Transcription factors (TFs), a class of DNA-binding proteins, play a central role in the regulation of gene expression. TFs control the rate of transcription by binding to the genome in a sequence-specific manner. Thus, one important aspect in the study of gene regulation mechanism is to model the binding specificities of TFs, namely the features of the DNA sequences that a TF prefers to bind. Multiple models have been proposed to characterize the binding specificities of TFs, among which the class of probabilistic models is the most popular. In this study, we point out several major limitations of the well-established probabilistic model by comparing it with the biophysical model. Through simulations we demonstrate that the probabilistic model is only an approximation of the biophysical model. The latter has most of the advantages of the former, and is a more accurate representation of binding specificities. We propose a shift from the probabilistic model to the biophysical model in future studies of protein-DNA interactions.

**Citation: **Ruan S, Stormo GD (2017) Inherent limitations of probabilistic models for protein-DNA binding specificity. PLoS Comput Biol 13(7):
e1005638.
https://doi.org/10.1371/journal.pcbi.1005638

**Editor: **David B. Lukatsky, Ben-Gurion University of the Negev, ISRAEL

**Received: **April 12, 2017; **Accepted: **June 21, 2017; **Published: ** July 7, 2017

**Copyright: ** © 2017 Ruan, Stormo. This is an open access article distributed under the terms of the Creative Commons Attribution License, which permits unrestricted use, distribution, and reproduction in any medium, provided the original author and source are credited.

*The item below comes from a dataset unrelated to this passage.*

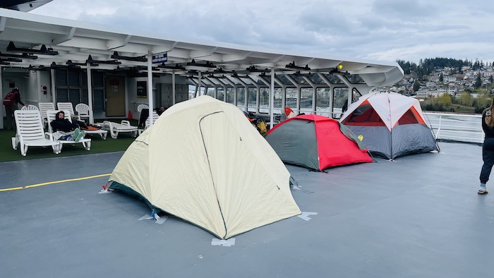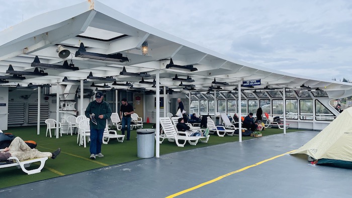 During the trip access to the car deck was allowed for half an hour at a time a few times during the day, so people could access belongings in their vehicles, but mostly to let their dogs out of the vehicles to stretch.

**Data Availability: **All of the sequence data used in this work were generated by simulations, and the program to do the simulations, BEnDS, is available at https://github.com/sx-ruan/BEnDS.

**Funding: **This work was supported by the following grants from the National Institutes of Health: R01HG000249 to GDS and T32HG000045 to SR. The funders had no role in study design, data collection and analysis, decision to publish, or preparation of the manuscript.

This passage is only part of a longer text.